Electric Moment

When I was eighteen years old I went to a book signing with my close friend Sam. We stood in line for what seemed like forever to have Anne Rice scribble on our tattered soft cover books and we squealed like stereotypical school girls after Ms. Rice displayed a modicum of interest in the two of us asking about our lives and inquiring about our dreams for the future.


After that brief moment of time when the air crackled with excitement for Sam and myself, the two of us walked out of the trendy small book store, arm and arm and wandered into a nearby coffee shop so we could dissect our experience and relive each moment over and over again through our conversation.


Samantha, very much a poet, looked straight into my eyes and told me, "That was an electric moment in my life. A slice of life so vivid and outstanding I will cherish it until the day I die."


Her words echoed in my head and long after Samantha died and Anne Rice stopped writing about vampires, the phrase 'electric moment' lives on.


Wednesday morning, I relived that bookstore signing over and over in my head. I thought about all the electric moments I have had in my life and wondered, no, worried, that meeting my new son wouldn't be one of them.


What if he didn't like us? What if we didn't like him? What if he smelled?


I was bouncing around with nervous energy, trapped in a small vehicle hurling down a high way, annoying my darling husband with every worried glance I shot at him. The two hour car trip to meet our son seemed to take forever.


Even live tweeting didn't make the time go any faster.


Who may have forgotten to fill up her gas tank so that her husband is very annoyed with her? Oh ya. Me.


(It was an honest oversight. I swear I just forgot and didn't drive past the gas station the night before thinking I was too tired to bother and my husband could do it the next day. Really. Scouts honour.)


Who is fighting with her husband over what type of music to listen to? Oh ya, Me. I want Bach he wants something annoying.


(How can a man listen to brash rock and roll when his life is on the brink of a reality-changing precipice? Seriously dude. I don't get you.)


Have found a way to distract my grumpy nervous husband. I have him counting cows. If he finds 200 he gets a treat.


(Funny, Boo was unamused by this offer and my tweet. Hmmm.)


My husband is now telling me I am not allowed to listen to Dr. Horrible's Singalong blog. Fucking fuddy duddy.


(I'm about to be a new mommy. There should be a law stating it's mandatory to sing with Captain Hammer.)


Who should not be allowed to twitter while bouncing around in a small vehicle? Hubs is ready to kill me.


(It was getting hard to twitter with his fingers wrapped around my neck. Road trips with me are FUN. I swear.)

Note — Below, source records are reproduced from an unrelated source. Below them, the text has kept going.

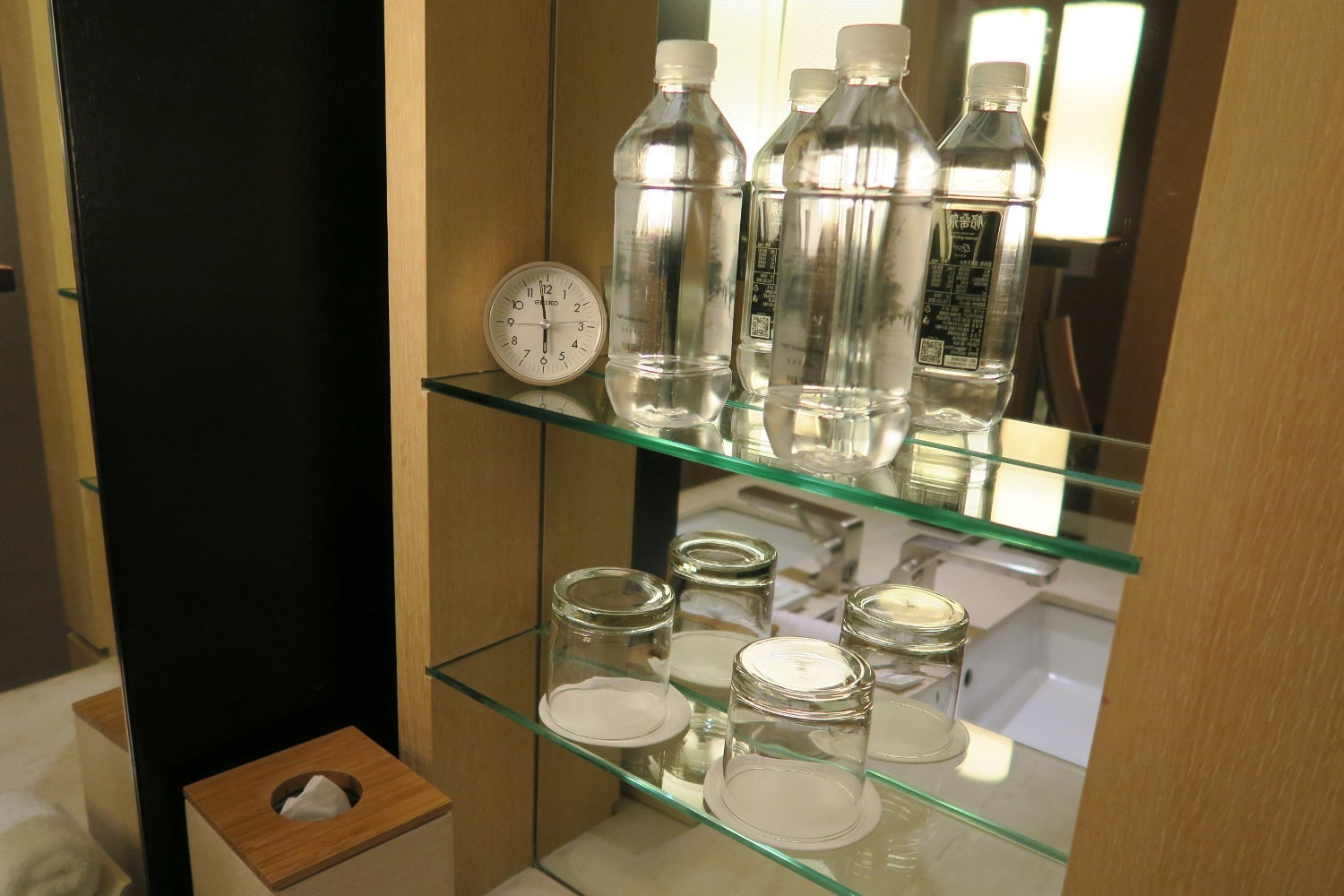 On a shelf to the right of the counter were glasses, two water bottles and a miniature clock.
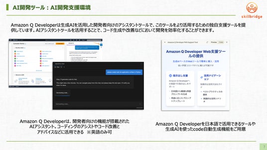 - コーディングや改善のアシストを行う生成AI(Amazon Q Developer)を、日本語環境でも利用しやすい当社独自の支援ツールとセットで提供。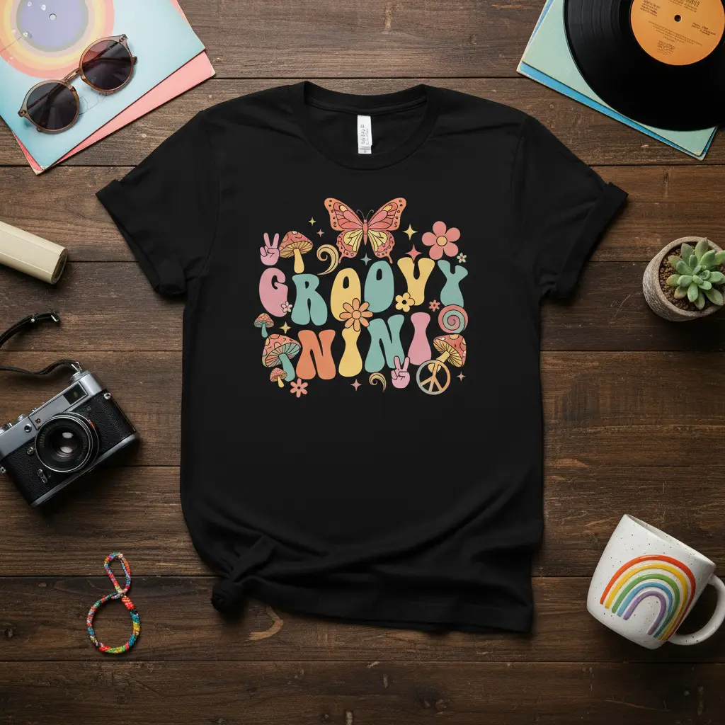 This eye-catching Groovy Nini t-shirt is designed to celebrate the amazing grandmothers in our lives. Its bold, retro typography is complemented by a playful arrangement of 70s-inspired elements, creating a look that is both fun and fashionable. The combination of warm colors and whimsical graphics makes this tee a standout piece, perfect for casual outings or special family gatherings.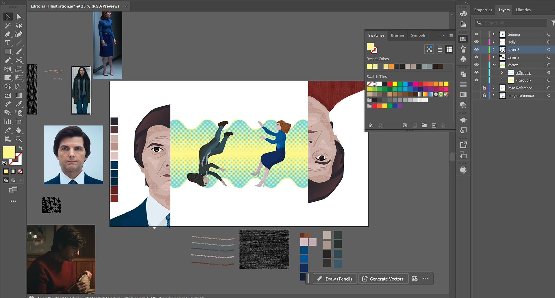 This project focused on creating an editorial illustration inspired by a book, article, TV series, or topic of personal interest. The objective was to develop a visual concept that effectively conveyed the message or themes of the source material while establishing a distinct illustrative voice. The work incorporated textures drawn from nature, interiors, architecture, everyday objects, and patterns to enrich the composition and add depth to the visual narrative. The goal was to explore the relationship between imagery, texture, and meaning, using illustration as a tool for storytelling and conceptual expression.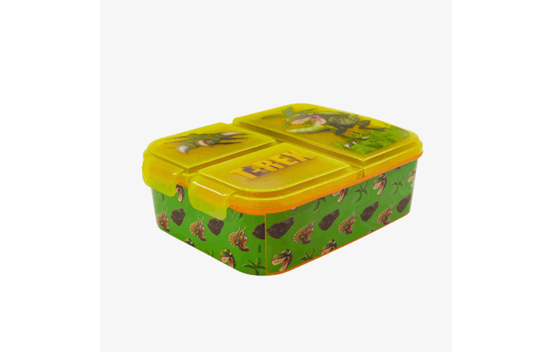 Kul matboks med dinosaurus. Inni er det 3 rom.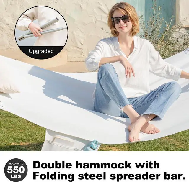 PORTABLE CAMPING ALSO & EASY TO USE: You can hang it from a 12-14f t hammock stand (not included) or between trees by adjusting the position of the chain. Portable carrying bag & tree Straps & carabiners & forOutside, indoor, Patio, Backyard, Balcony and outdoor.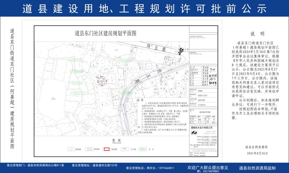 道县东门街道东门社区建房规划平面图批前公示(何善超)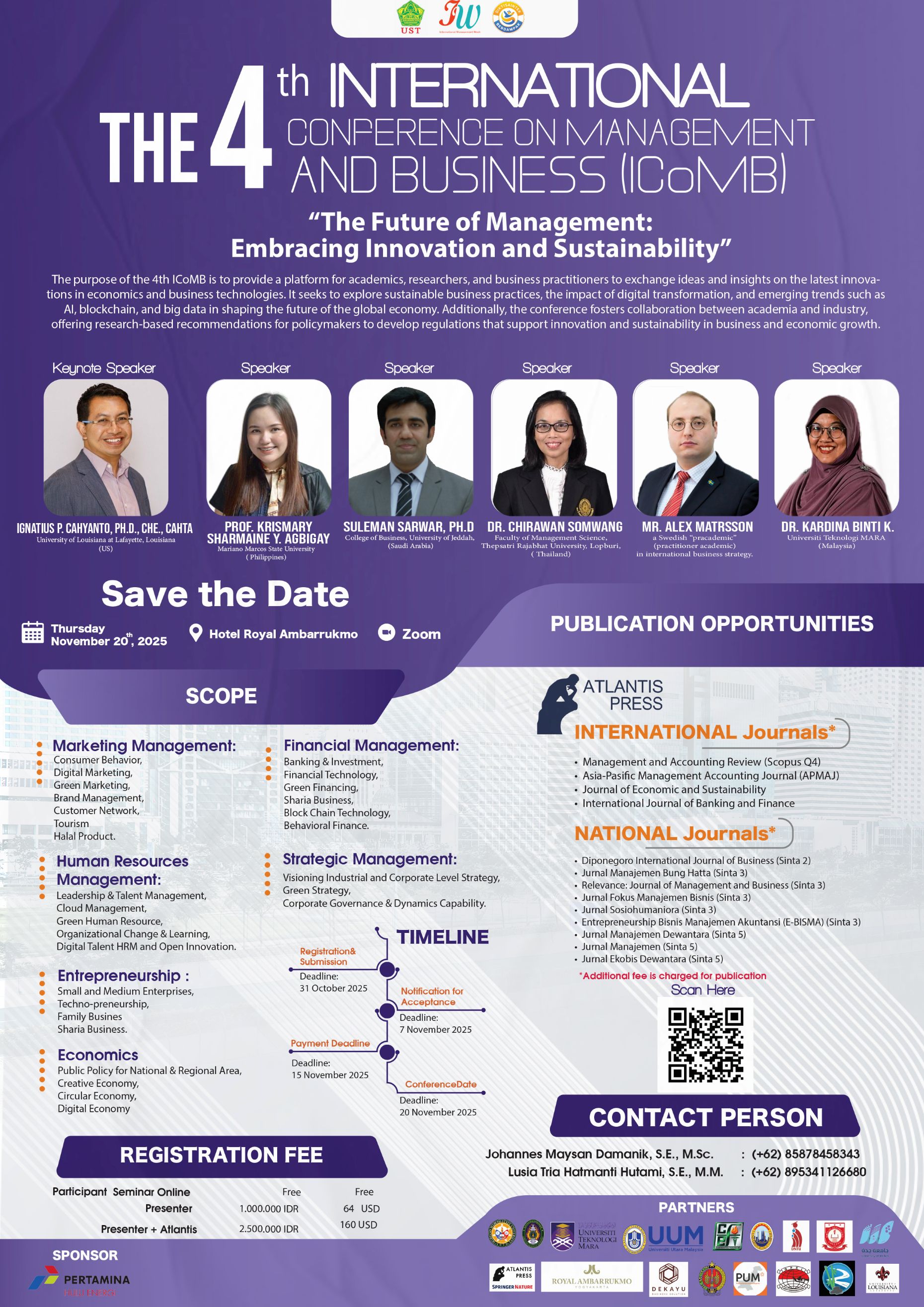 With the utmost respect and sincere appreciation, I wish to extend my highest gratitude for the extraordinary dedication, intellectual rigor, and collective spirit that you have demonstrated in realizing the success of International Management Week (IMW) 2024. My heartfelt thanks go to the Rector of Universitas Sarjanawiyata Tamansiswa (UST) for entrusting us with the stewardship of this prestigious platform, as well as to the entire organizing committee, whose meticulous planning, tireless enthusiasm, and solid collaboration have transformed a shared vision into a remarkable reality.
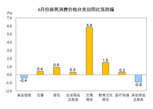 其他七大类价格同比六涨一降。其中,交通通信、教育文化娱乐、居住价格分别上涨5.8%、1.5%和0.9%,衣着、生活用品及服务、医疗保健价格分别上涨0.4%、0.3%和0.3%;其他用品及服务价格下降0.9%。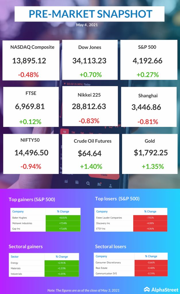 US pre-market news: Dow Jones, NASDAQ, S&P updates for May 04, 2021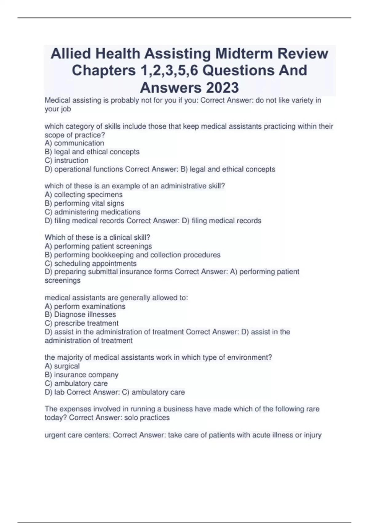 Allied Health Assisting Midterm Review Chapters 1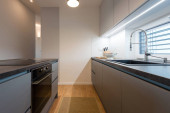 Zdjęcie "Wnętrze nowoczesnej kuchni z wbudowanymi urządzeniami" może być wykorzystywane do celów osobistych i komercyjnych zgodnie z warunkami zakupionej licencji Royalty-free. Obraz jest dostępny do pobrania w jakości wysokiej rozdzielczości do 5760x3840.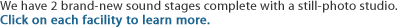 Stages 11 & 12 are multi-functional sound stages for use in filming commercials and are equipped with a cyclorama that is 9m tall and 20m wide. There is a still photo studio situated between stages.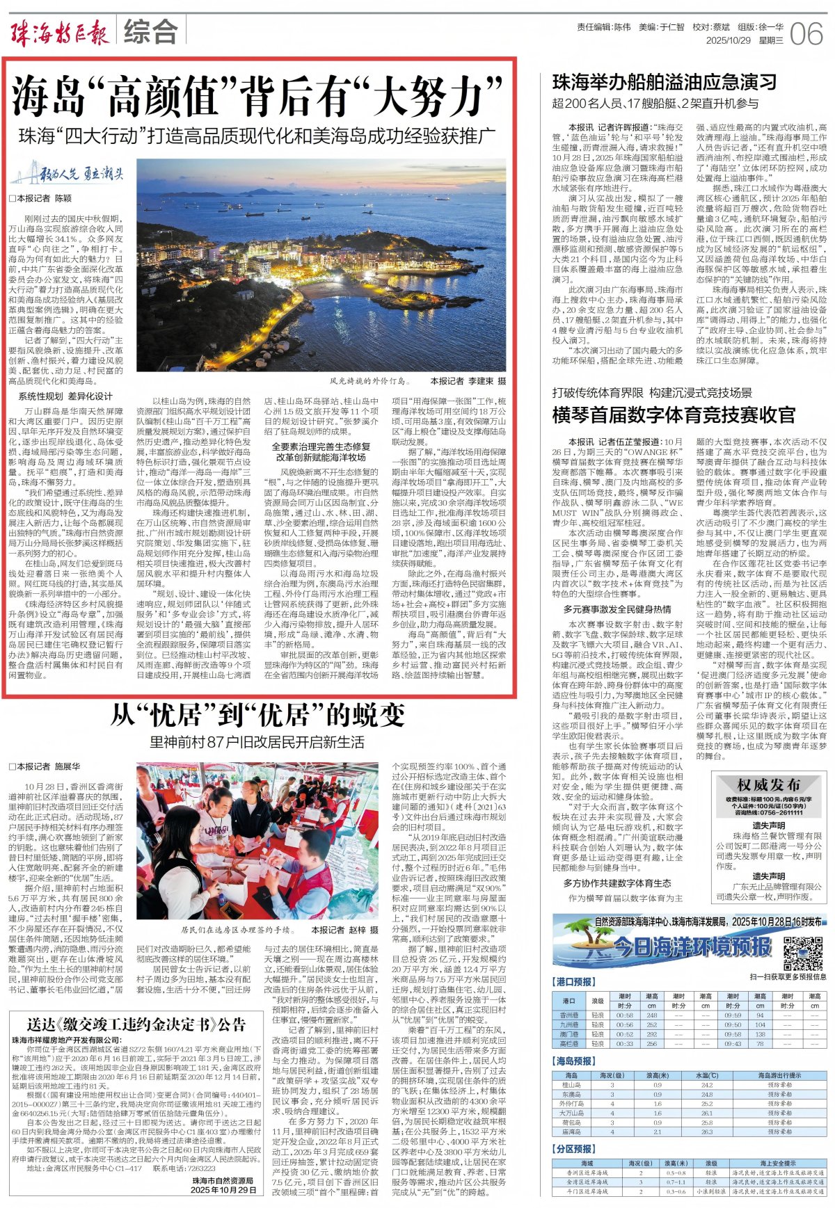 刚刚过去的国庆中秋假期,万山海岛实现旅游综合收入同比大幅增长34.1%。众多网友直呼“心向往之”,争相打卡。海岛为何有如此大的魅力?日前,中共广东省委全面深化改革委员会办公室发文,将珠海“四大行动”着力打造高品质现代化和美海岛成功经验纳入《基层改革典型案例选辑》,明确在更大范围复制推广。这其中的经验正蕴含着海岛魅力的答案。

Minutes away from meeting my kid for the first time. Nervous? Check. Excited? Check. Fucking lost in weird city? Check.


(I don't care what you say dear hubs. If you don't know where you are or how to get where you need to be you are lost. Not directionally challenged. Full fledged LOST.)


Ever hear the saying "Don't poke the bear?" My husband is the bear and I am the sharp pointy stick. It's getting ugly over here.


(When one is ten minutes late to meet one's new son and emotionally charged, one should not politely insist freak out demanding one pull over to ask for directions. Unless one would like one's head bitten off by an annoyed spouse. Just so y'all know.)


Thankfully Boo and I finally got to be where we were suppose to be.


There are no adequate words to explain how one feels knowing her son is just on the other side of the door.


I can't even begin to explain how my heart burst into a million tiny pieces when my son was wheeled out to greet his father and I, smiling from ear to ear and asking for his first high-five.


Or how the ocean of grief I have been treading time in for the past three years suddenly parted like the Red Sea when my new son laughed so hard with me he all but wiggled out of his wheel chair and peed through his pants.


That morning was filled with one electric moment after another.


There will always be a cloud in my skies, a scar on my heart and a tear on my cheek for the little boy I loved and lost. But life hasn't seemed this vibrant for all of us in a very long time.


I've never been more delighted to squint at the blinding brightness of happiness.


Thanks for sharing this long road with my family and myself. If you hadn't been here to hold my hand along the way I can't guarantee I'd be wearing this silly mommy grin and wondering if it's wrong to use my son as a lint collector as he crawls on the floor.


It's with great pleasure I introduce you to my son. (Feel free to leave a blog pseudonym suggestion in the comment box. I'm stumped.)



One of our very first cuddles. He is fascinated with the size of my nose. Apparently, it's highly honkable.



My boy has tight fists. He's going to be a great boxer.



I could pose for pictures with him all day long. My son, however, has other ideas and is bored of this game.



Getting ready for his first sleep in his brand new forever bed. The puppy was eager to join him.


And finally, I'd like to thank Kristen, Catherine and Katie for throwing together a Redneck Shower for the kid and I. There are no adequate words to express our gratitude and affection for all of you.



Plus, I'm dying laughing at the prizes available and I can't wait to read how I'm not the only redneck mommy in the world. I can't be the only gal who has accidentally spray painted her son's penis with bright red paint. Can I?